[Opening Task input section]
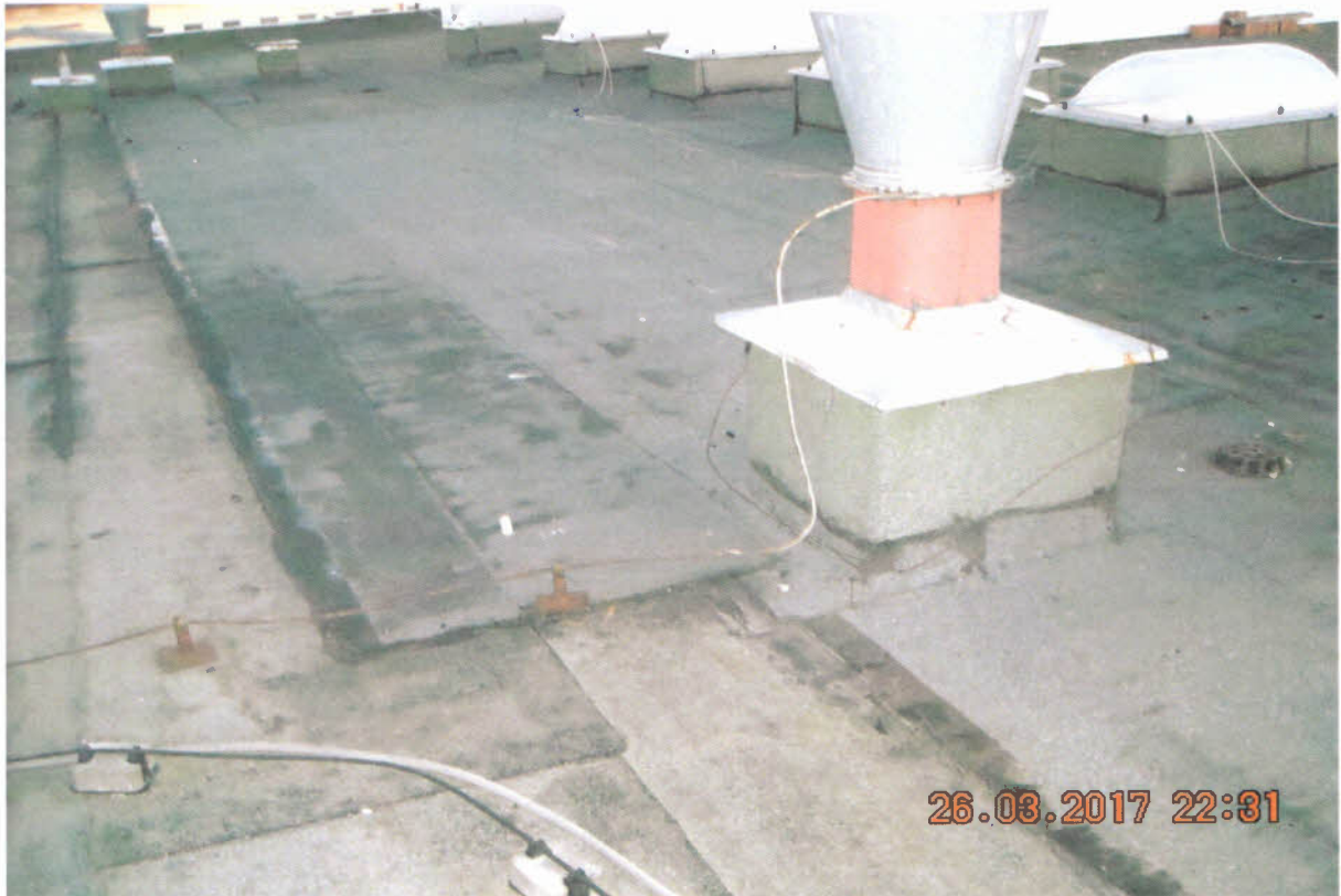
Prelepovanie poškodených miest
[Closing Task input section]
[Opening Task input section]
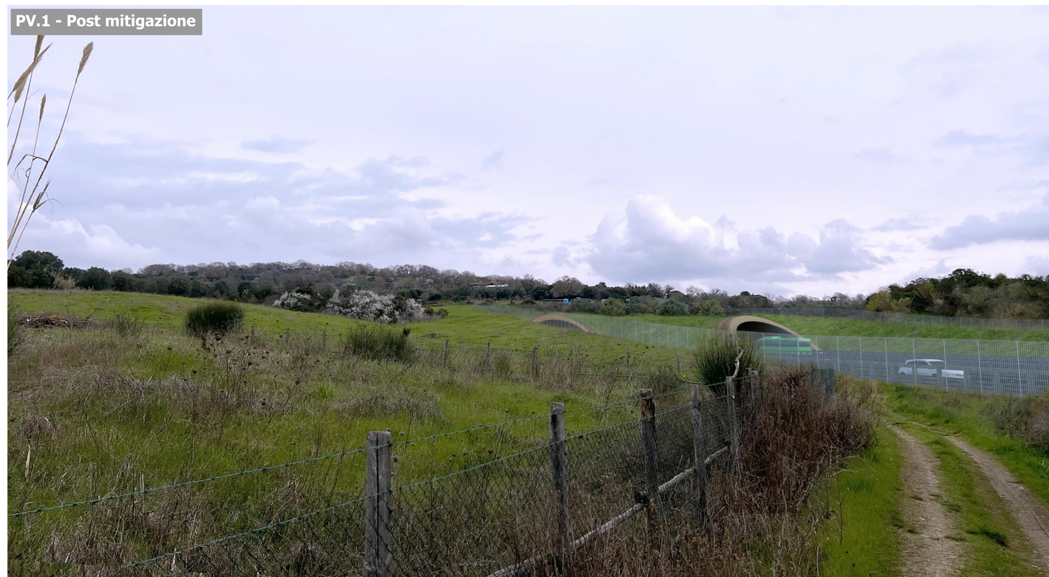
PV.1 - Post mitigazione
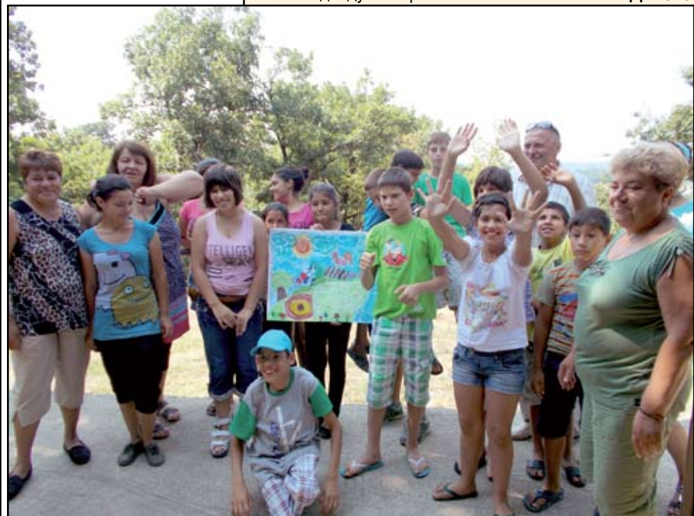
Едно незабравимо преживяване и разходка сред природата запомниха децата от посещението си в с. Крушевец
[Closing Task input section]
All pictures are to be skipped. Output, word for word, the lines in the data above starting at the line containing "PV.1 - Post mitigazione" and ending at the line containing "Едно незабравимо преживяване".

## [Answer]
PV.1 - Post mitigazione
Едно незабравимо преживяване и разходка сред природата запомниха децата от посещението си в с. Крушевец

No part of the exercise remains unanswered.